1. hypersensitivity to the active ingredient (verapamil hydrochloride) or to any of the excipients of this product.
2. Cardiogenic shock or hypotension (systolic blood pressure below 90 mmHg).
3. acute myocardial infarction complicated by bradycardia, hypotension, left heart failure.
4. Severe cardiac conduction dysfunction (e.g., second or third degree sinus or atrioventricular block), sick sinus syndrome. Patients with pacemaker implantation are excluded.
5. Congestive heart failure (unless due to supraventricular tachycardia responsive to verapamil).
6. Atrial fibrillation/atrial flutter combined with a pre-excitation syndrome (e.g. WPW or L-G-L syndrome). In these patients, verapamil therapy is associated with an increased risk of developing ventricular tachycardia, including ventricular fibrillation.
7. Combine with ivabradine (see [Drug Interactions]).

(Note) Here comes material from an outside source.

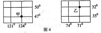图 4 为局部地区经纬网示意图(图幅相同),乙地西部临海。读图完成 10 -11 题。

8. Combined intravenous administration of beta-blockers should not be used in patients receiving verapamil therapy (exception: intensive care, see [Drug Interactions]).
9. Take with grapefruit juice.
[Precautions].
1. Heart failure
The negative inotropic effect of verapamil can be compensated by its reduction of afterload (lowering circulatory vascular resistance), and the net effect does not impair ventricular function. However, avoid verapamil in patients with severe left ventricular insufficiency (pulmonary wedge pressure >20 mmHg or ejection fraction <30%), moderate-to-severe heart failure, and patients with any degree of ventricular dysfunction already treated with beta-blockers. Patients with mild cardiac insufficiency in whom verapamil must be used need to have controlled clinical symptoms prior to treatment.
2. Pre-excitation syndrome
Verapamil accelerates the antegrade conduction of the atrioventricular bypass. Intravenous treatment with verapamil in patients with atrioventricular bypass combined with atrial flutter or atrial fibrillation can cause increased ventricular rate and even induce ventricular fibrillation by accelerating the antegrade conduction of the atrioventricular bypass. Although oral verapamil has not been reported as described above, it may be dangerous for such patients to receive oral verapamil and is therefore contraindicated.
3. Atrioventricular block
Verapamil may cause AV node and sinus node conduction block associated with increased plasma concentrations, particularly during the early incremental phase of treatment. It may cause first-degree AV block, transient sinus bradycardia, sometimes accompanied by nodal escape. High degree AV block is uncommon (0.8%). When significant degree I AV block occurs or progresses to degree II or III AV block, dose reduction or discontinuation is required.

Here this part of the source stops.